## The records

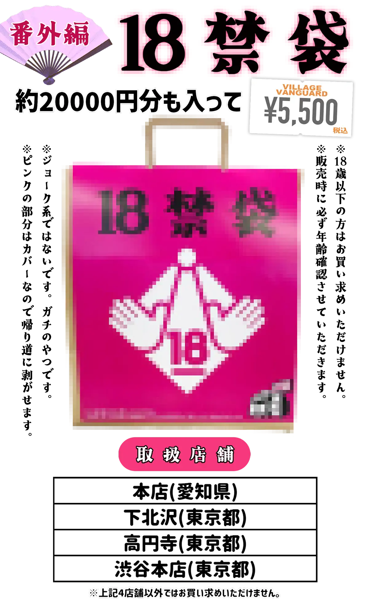 約20000円も入って¥5,500(税込)※18歳以下の方はお買い求めいただけません。
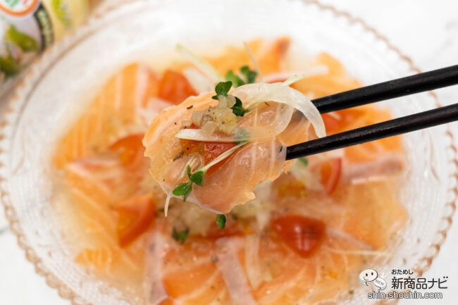 魚介とドレッシングの融合した味が楽しめた。甘みがたつ魚介の味わいに、シャキシャキとした食感がプラスされ丁寧に料理されたような仕上がり。サッとかけただけの一品だが贅沢な印象になった。味がしっかりとしているので、さっぱり系の魚介にもピッタリだろう。
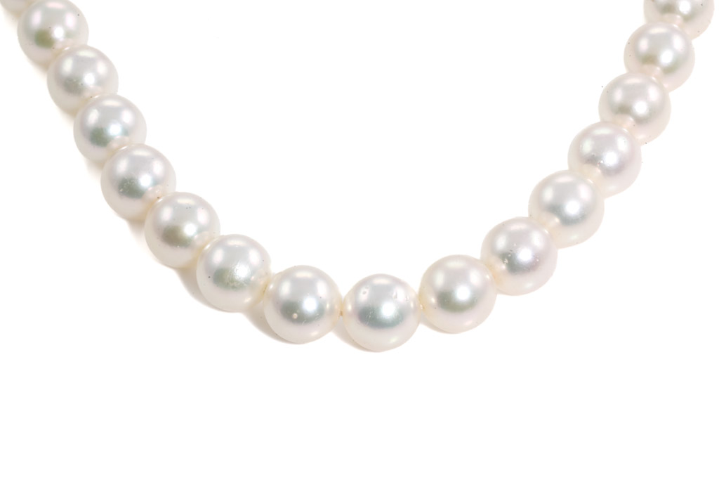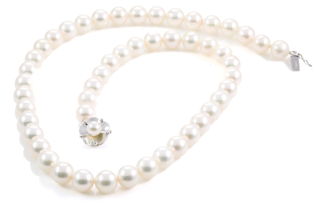 Akoya Pearl necklace with Akoya Pearls of 8.5 - 8.0mm. 14ct white gold clasp with a Akoya Pearl of 5.5mm. Length: 42cm. Weight: 40.9g.
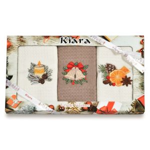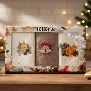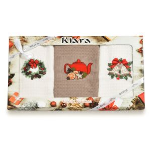 Utěrka KIARA VÁNOCE 20 vaflová vyšívaná, dárkové balení, věneček se šiškami na bílé, 1 kus 50x70cm
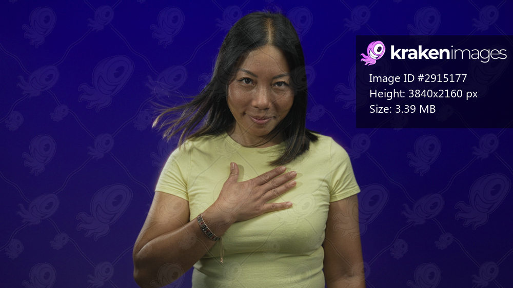Young hispanic woman with hand on chest in blue studio, wearing yellow tee and bracelet while hair lifts in breeze; gratitude sincerity calm.
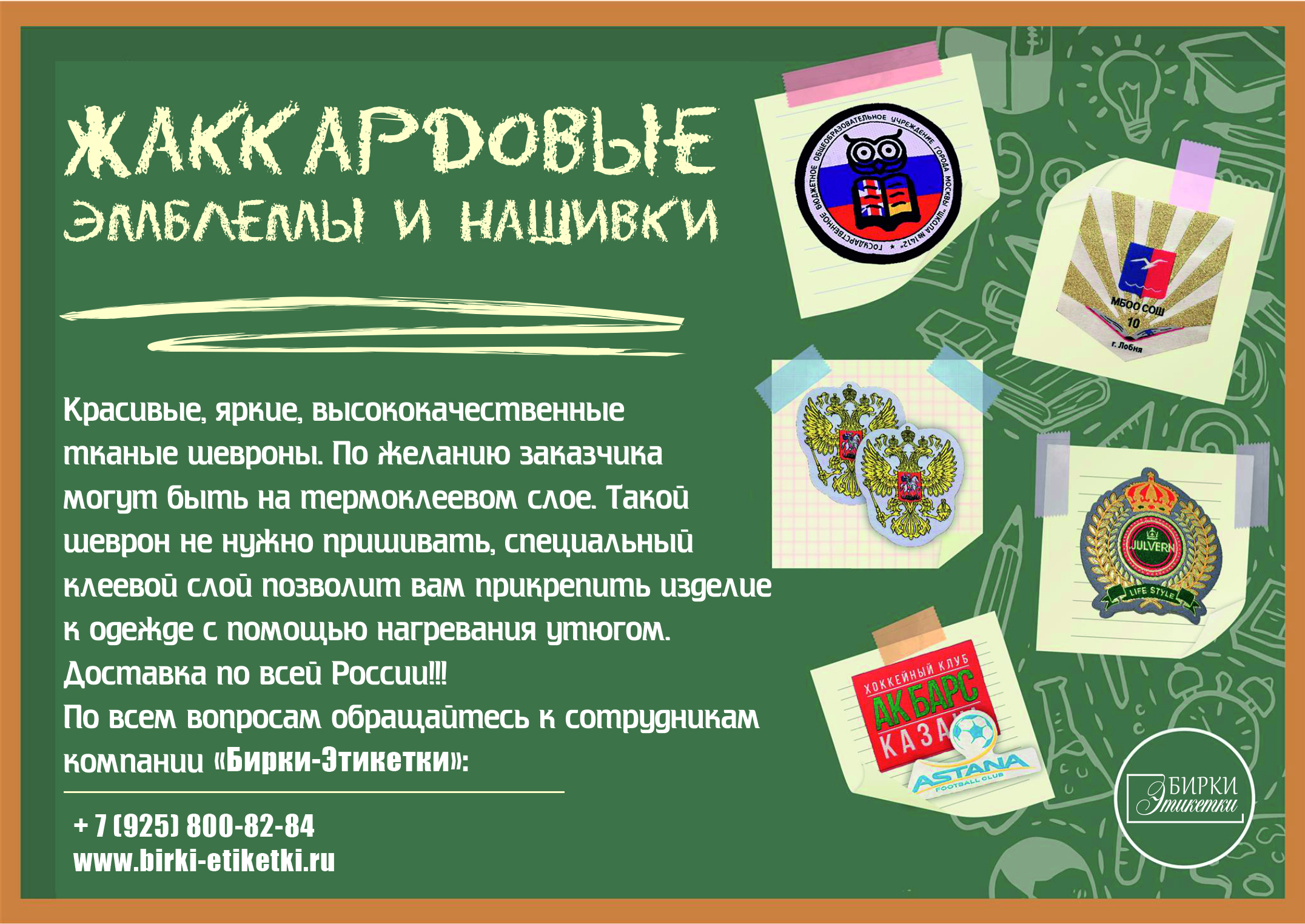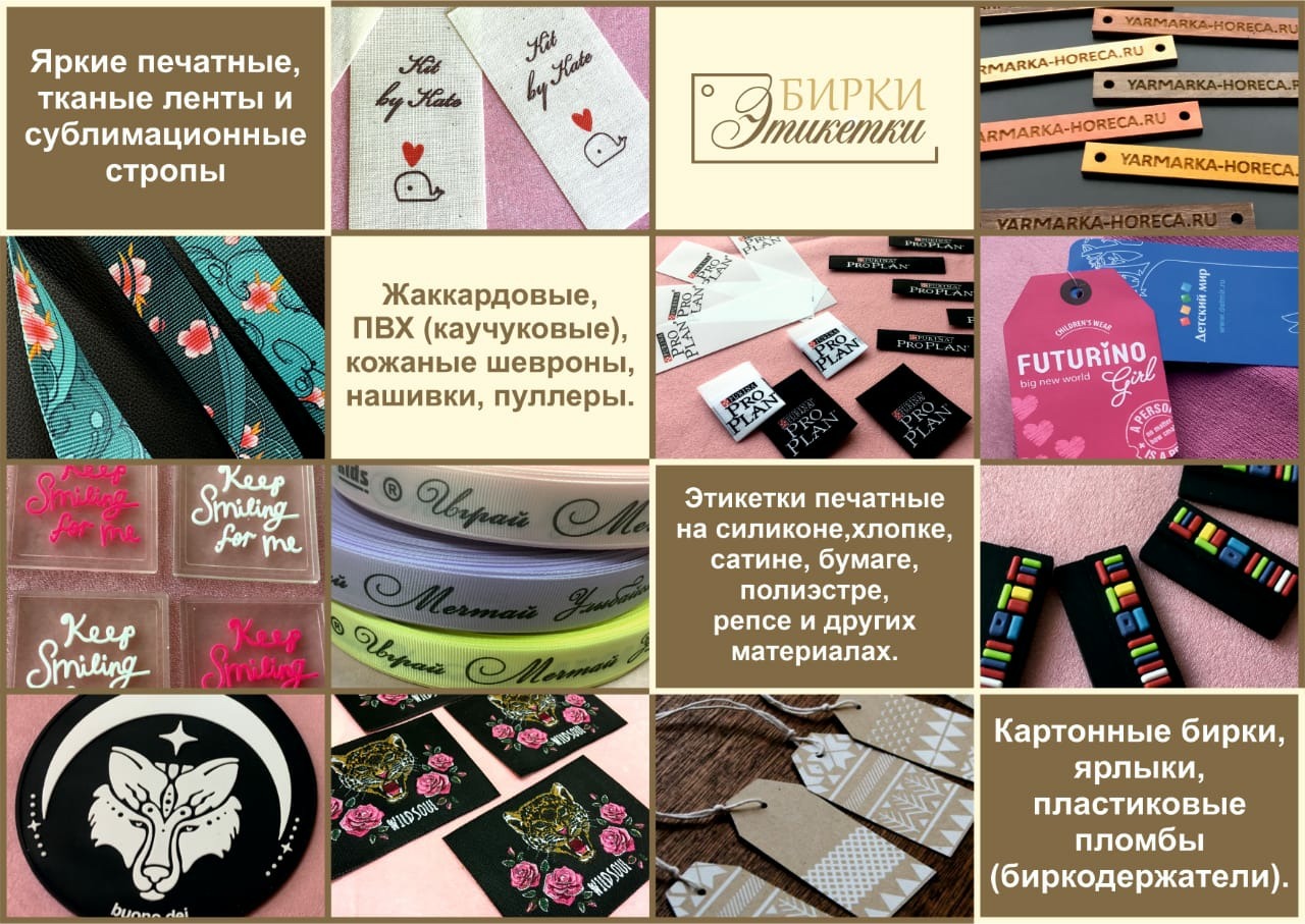 Производим полный комплекс этикеточной продукции для швейных предприятий: жаккардовые бирки, картонные ярлыки, нашивки, шильдики, тканевые этикетки, текстильные ленты и СТРОПЫ с лого, разные виды шевронов и многое другое.
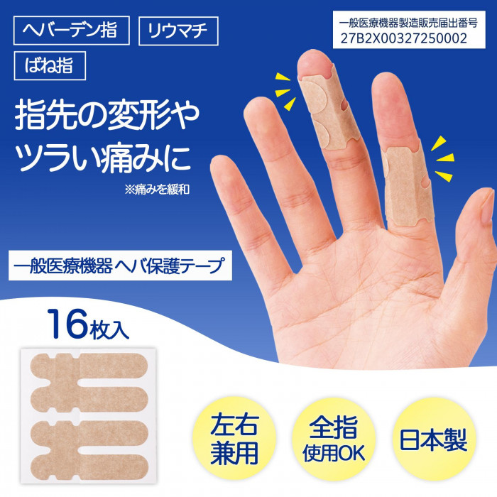 一般医療機器 ヘバ保護テープ 16枚入 テーピング 指サポーター 指関節サポーター へバーデン結節サポーター 指 医療用テープ 親指 テーピングテープ 日本製
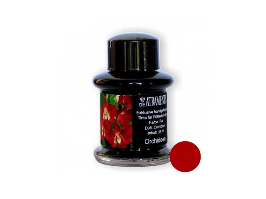 Exklusivní ručně vyráběný inkoust De Atramentis v červené barvě. S vůní orchidejí. Dodáváno v 45 ml skleněné lahvičce.
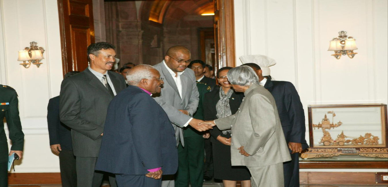The Archbishop Desmond Tutu of South Africa calling on the President of India, Dr A P J Abdul Kalam at the Morning Room of Rashtrapati Bhavan in New Delhi on Jan 31, 2007
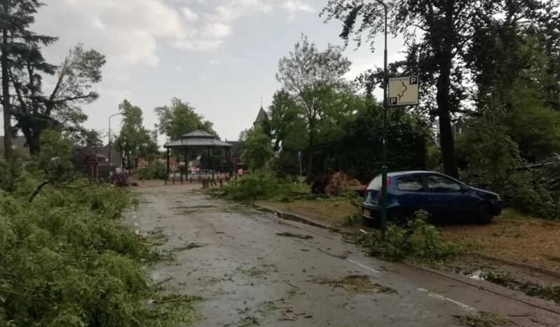 Scherpenzeelseweg met muziekkoepel en Kerkplein. Links is de begraafplaats. Deze foto is enkele uren na de valwind gemaakt.
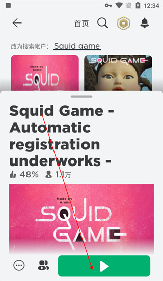 Squid game:搜索结果中,优先选择点赞率约48%、实时在线人数约1.1万人的房间;
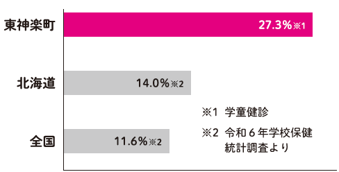 乳幼児期からの生活習慣は大人になっても影響すると言われています。東神楽町ではこれまで、3歳児健診から学童健診(小5)までの間に生活習慣を見直す機会が少なく、気づかないうちに肥満傾向が進んでしまうお子さんが増えて来ました。そのため、5歳児健診は生活習慣を振り返り、早めに整えるきっかけとすることも目的としています。
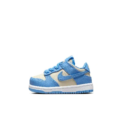Start your little one's sneaker collection off with an icon. Designed for basketball but adopted by skaters, the Nike Dunk Low helped define sneakerhead culture. With plush ankle padding and durable rubber traction, this '80s icon is an easy win for playtime and beyond. Made to Last:Real and synthetic leathers are durable and bring a classic feel. Heritage Look:Collar and tongue pair with perforations on the toe area to give these sneakers an iconic look rooted in the original Dunk. All-Day Traction:Full-length rubber outsole provides durable traction and features a pattern similar to the original. Product Details:Classic laces. Cupsole construction. Style: FB9107; Color: Blue Beyond/Beach/White/Blue Beyond; Size: 3C; Gender: Male; Age Group: Toddler | Nike Dunk Low Baby/Toddler Shoes in Blue, Size: 3C | FB9107-400
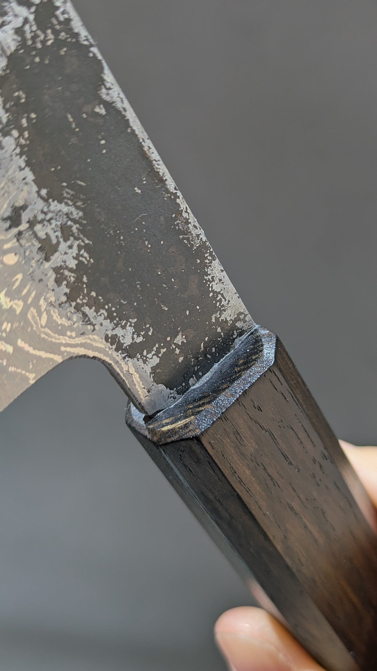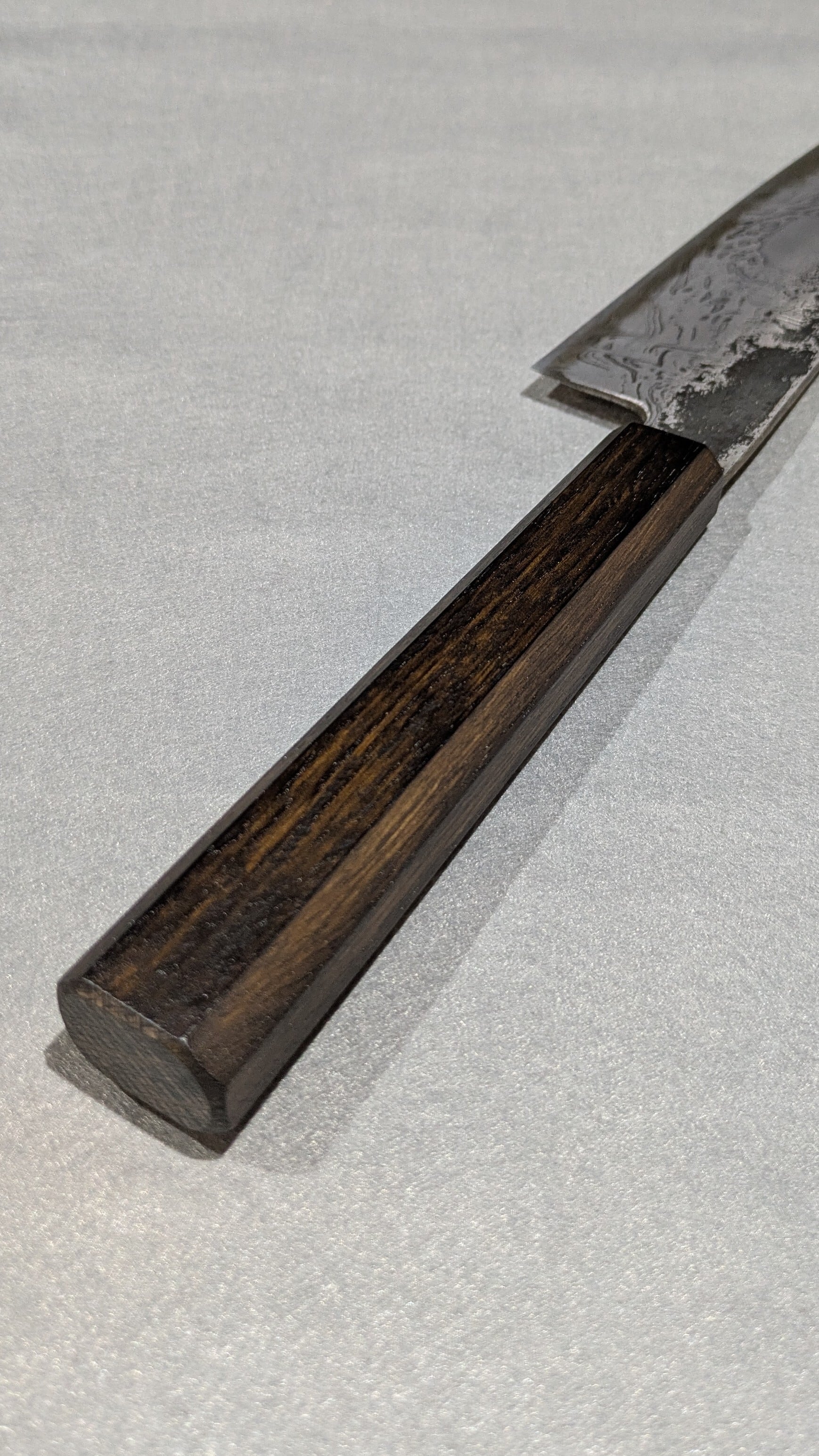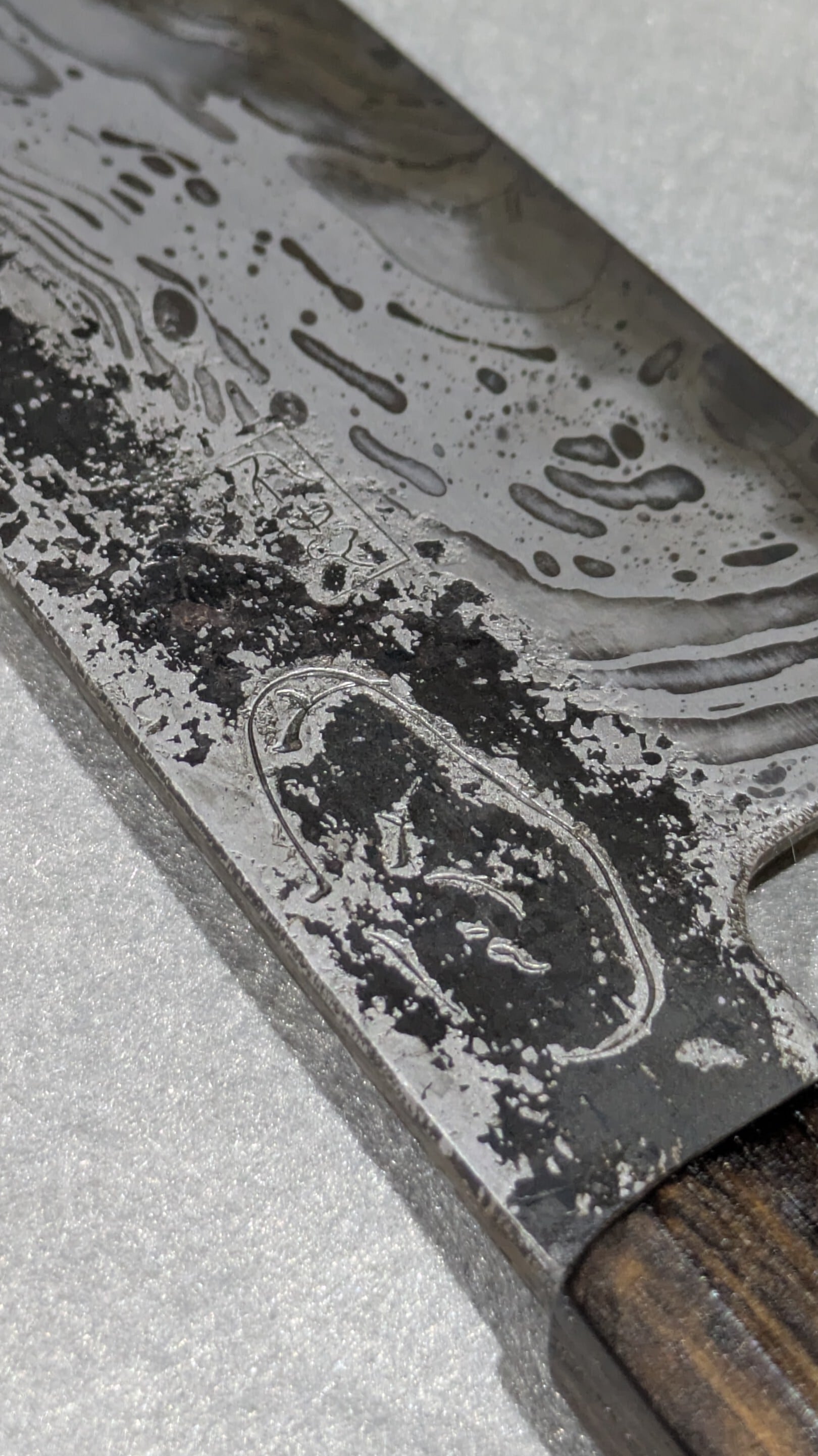 This is our shop's original kitchen knife. The blade surface has been etched to create a pattern.

## Exercise brief
Lines from the one containing "一般医療機器 ヘバ保護テープ 16枚入" through the end of the entries above, both included, are to be written out exactly; no pictures and no other lines.

## Solution to this problem
 一般医療機器 ヘバ保護テープ 16枚入 テーピング 指サポーター 指関節サポーター へバーデン結節サポーター 指 医療用テープ 親指 テーピングテープ 日本製
 Exklusivní ručně vyráběný inkoust De Atramentis v červené barvě. S vůní orchidejí. Dodáváno v 45 ml skleněné lahvičce.
The Archbishop Desmond Tutu of South Africa calling on the President of India, Dr A P J Abdul Kalam at the Morning Room of Rashtrapati Bhavan in New Delhi on Jan 31, 2007
 Scherpenzeelseweg met muziekkoepel en Kerkplein. Links is de begraafplaats. Deze foto is enkele uren na de valwind gemaakt.
 Squid game:搜索结果中,优先选择点赞率约48%、实时在线人数约1.1万人的房间;
 乳幼児期からの生活習慣は大人になっても影響すると言われています。東神楽町ではこれまで、3歳児健診から学童健診(小5)までの間に生活習慣を見直す機会が少なく、気づかないうちに肥満傾向が進んでしまうお子さんが増えて来ました。そのため、5歳児健診は生活習慣を振り返り、早めに整えるきっかけとすることも目的としています。
Start your little one's sneaker collection off with an icon. Designed for basketball but adopted by skaters, the Nike Dunk Low helped define sneakerhead culture. With plush ankle padding and durable rubber traction, this '80s icon is an easy win for playtime and beyond. Made to Last:Real and synthetic leathers are durable and bring a classic feel. Heritage Look:Collar and tongue pair with perforations on the toe area to give these sneakers an iconic look rooted in the original Dunk. All-Day Traction:Full-length rubber outsole provides durable traction and features a pattern similar to the original. Product Details:Classic laces. Cupsole construction. Style: FB9107; Color: Blue Beyond/Beach/White/Blue Beyond; Size: 3C; Gender: Male; Age Group: Toddler | Nike Dunk Low Baby/Toddler Shoes in Blue, Size: 3C | FB9107-400
 This is our shop's original kitchen knife. The blade surface has been etched to create a pattern.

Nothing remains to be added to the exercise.